Since 1990 Chamber Music Northwest has commissioned 27 new works, a remarkable feat for any arts organization, and according to Linda Magee, executive director of CMNW, “more commissioned works are in the hopper.” That great news, because CMNW sponsorship gives today’s composers an opportunity to create new pieces and hear them performed. On Tuesday evening (July 22) at Cabell Center (Catlin Gabel School) I heard the world premiere of the latest CMNW-sponsored work, Roberto Sierra’s “Concierto de Cámera” for woodwind quintet and string quartet.
Sierra, a native of Puerto Rico, has many works that have been performed world-wide by ensembles ranging from the Kronos Quartet to the Royal Scottish National Orchestra. He has also won numerous awards and since 1992 teaches composition on the music faculty of Cornell University.

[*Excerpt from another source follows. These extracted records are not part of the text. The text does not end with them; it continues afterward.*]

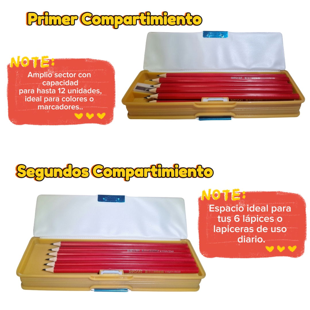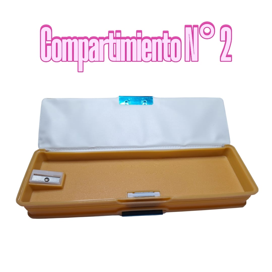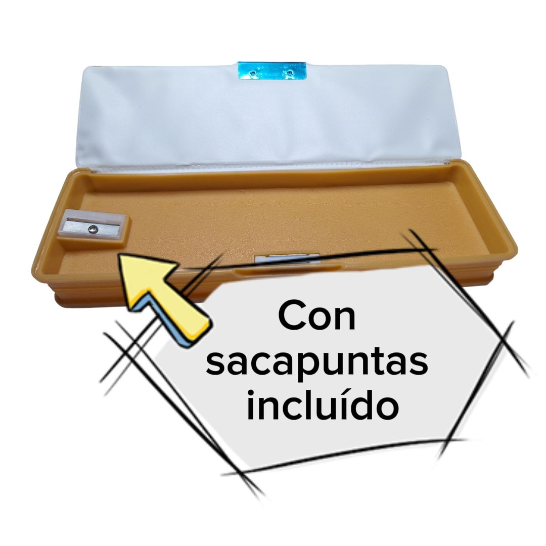 Cartuchera Canopla Doble Dos Pisos Rigida Kawaii Sacapuntas Marrón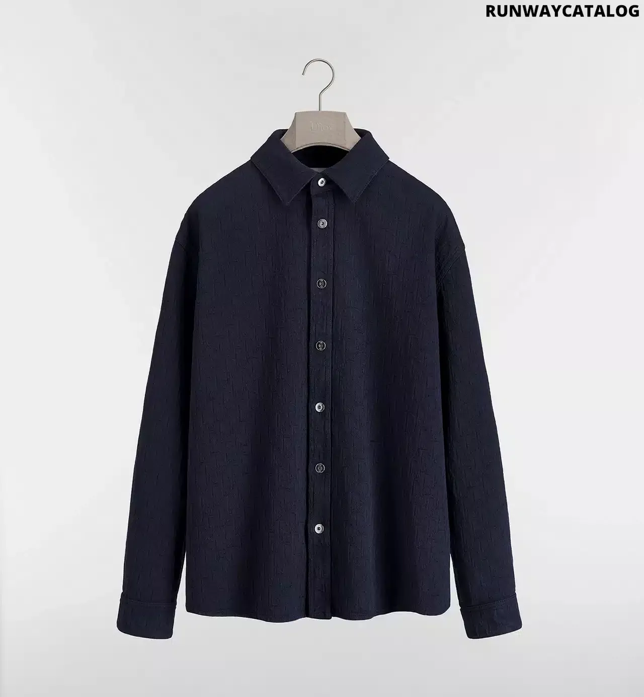 New for Summer 2026, the Dior Oblique shirt showcases one of the House’s iconic motifs. Made in navy blue cotton jacquard, it features an allover Dior Oblique pattern that gives the timeless design a fresh twist. Paired with jeans from the collection, the shirt will elevate outfits with a graphic touch.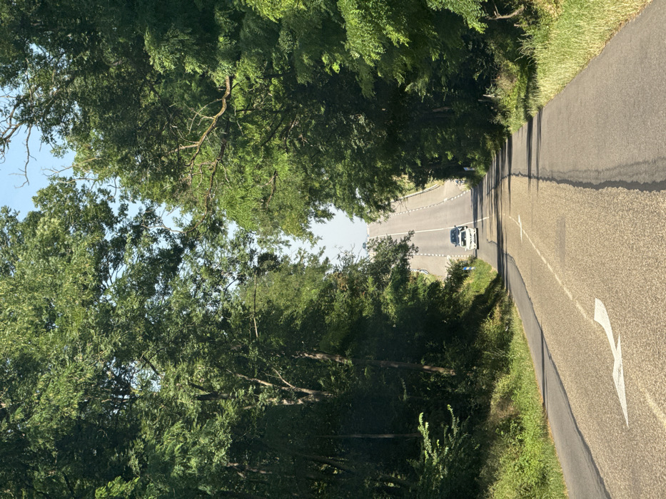 A car drives on a straight road. The road is surrounded by trees, creating a tunnel effect. A large white arrow is painted on the right side of the road, pointing towards the left. The road is made of asphalt, and the trees are lush green. The sky is visible in the distance.

Sierra’s “Concierto de Cámera,” co-commissioned by Chamber Music Northwest and the Santa Fe Chamber Music Festival, is a lively, five-movement work with no pause between the first two. As the program notes pointed out, this work begins as a nonet, then is directed toward two separate ensembles, and ends up presenting the musicians as virtuoso soloists. So, in the way, the music gradually fragments in the way that it is played, yet it all sounded as a whole. That, of course, can be accomplished when it is played by two virtuoso ensembles, the Imani Winds and the Miami String Quartet. They displayed a wonderful way of transcending this difficult work and giving the audience an exciting journey into a new soundscape.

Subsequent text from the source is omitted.